Opinion | No Justice Alito, Reproductive Justice Is in the Constitution

Now, 80 years later, Mississippi has already made a “clear, pointed, unmistakable discrimination,” as if it has “selected a particular race or nationality for oppressive treatment,” which the court specifically struck down and condemned in Skinner.

What today’s Supreme Court strategically overlooks, legal history reminds us with stunning clarity, specifically the terrifying practices of American slavery, including the stalking, kidnapping, confinement, coercion, rape and torture of Black women and girls. In a commentary reprinted in The New York Times on Jan. 18, 1860, slavery was described as an enterprise that “treats” a Black person “as a chattel, breeds from him with as little regard for marriage ties as if he were an animal, is a moral outlaw.”

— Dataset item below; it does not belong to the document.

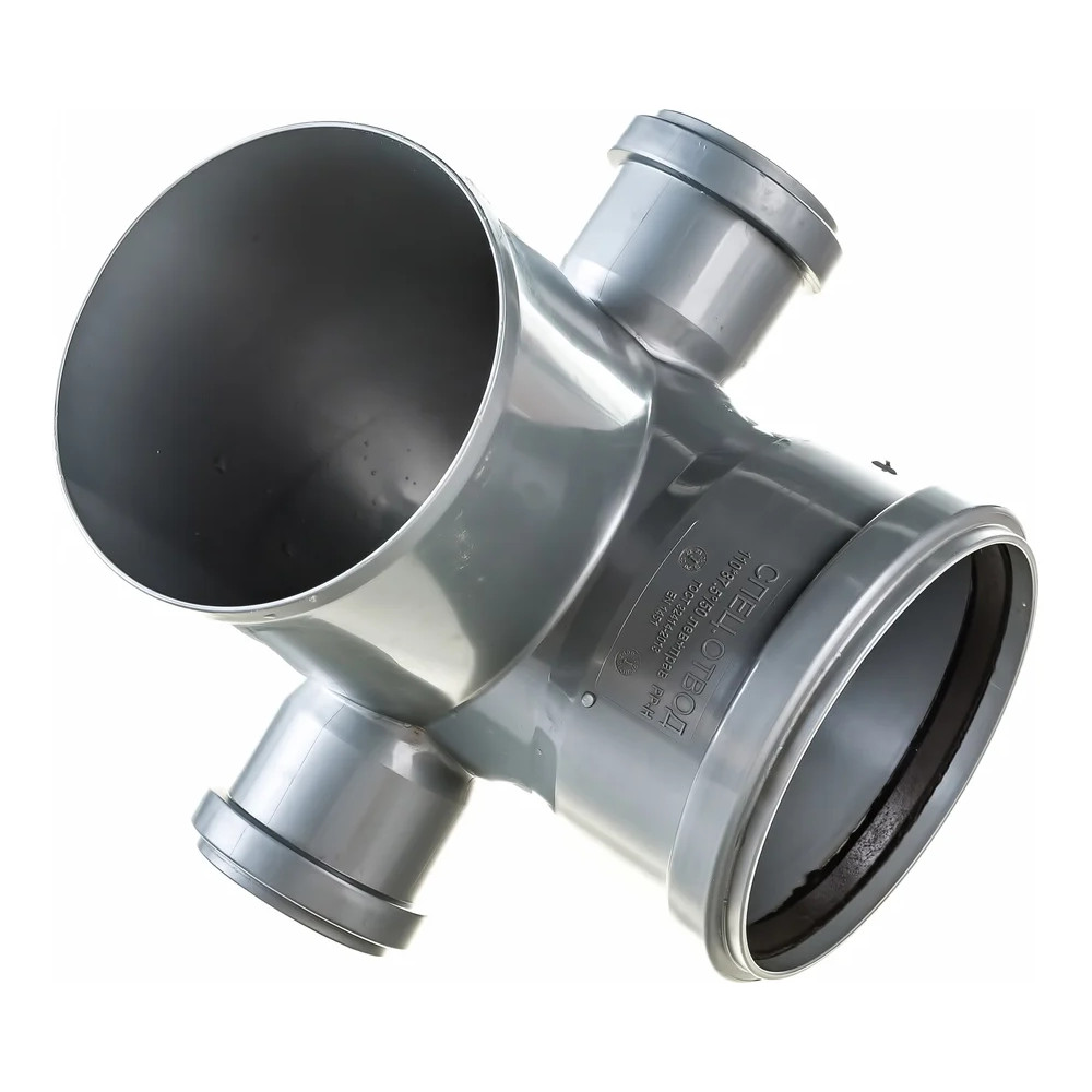 Отвод 110/90 с 2 выходами на 50 верх+сзади предназначен для изменения угла наклона стояка или трубопровода. Канализационный фитинг с одной стороны имеет раструбную форму, а с другой муфтовую. Благодаря этому отвод для канализации очень прост и удобен в монтаже. Часто при проведении работ по монтажу систем канализации возникает необходимость изогнуть или повернуть трубопровод в нужном направлении, для этих целей и используют отводы для канализации. Отводы для канализации различаются по диаметру и углу наклона. Канализационный уголок с отводом предназначен для изменения поворота трубопровода на угол 90 (87,5) градусов. Монтаж спецотвода левого желательно производить с применением специальной силиконовой смазки.

Such observations were hardly unique or rare; the Library of Congress offers a comprehensive collection of newspapers, almanacs, daguerreotypes, illustrations, and other materials that comprise the “African-American Mosaic: Influence of Prominent Abolitionists.” Laws that date back to the 1600s expose the sexual depravity and inhumanity of American slavery. In 1662, the Virginia Grand Assembly enacted one of its first “slave laws” to settle this point, expressing, “Whereas some doubts have arisen whether children got by any Englishman upon a Negro woman should be slave or free, be it therefore enacted and declared by this present Grand Assembly, that all children born in this country shall be held bond or free only according to the condition of the mother.”

Thomas Jefferson kept copious receipts and documents related to the births of enslaved children at his Monticello plantation, including those who were ultimately discovered to be his own. Not surprising, at the heart of abolishing slavery and involuntary servitude in the 13th Amendment was the forced sexual and reproductive servitude of Black girls and women. Senator Charles Sumner of Massachusetts, who led the effort to prohibit slavery and enact the 13th Amendment, was nearly beaten to death in the halls of Congress two days after giving a speech that included the condemning of the culture of sexual violence that dominated slavery.

Black women also spoke out about their reproductive bondage. In 1851, in her compelling speech known as Ain’t I a Woman, Sojourner Truth implored the crowd of men and women gathered at the Women’s Rights Convention in Akron, Ohio, to understand the gravity and depravity of American slavery on Black women’s reproductive autonomy and privacy. Reported by newspapers and recorded through history, Ms. Truth stated that she had borne 13 children and seen nearly each one ripped from her arms, with no appeal to law or courts. Wasn’t she a woman, too? By the accounts of those gathered, including famed feminist abolitionist Frances Gage, the room stood still and then erupted in applause.

Similarly, in “Incidents In The Life of A Slave Girl, published in 1861, Harriet Jacobs describes the herculean efforts made to avoid the inevitable sexual assault and rape by her captor. She wrote, “I saw a man forty years my senior daily violating the most sacred commandments of nature. He told me I was his property; that I must be subject to his will in all things.”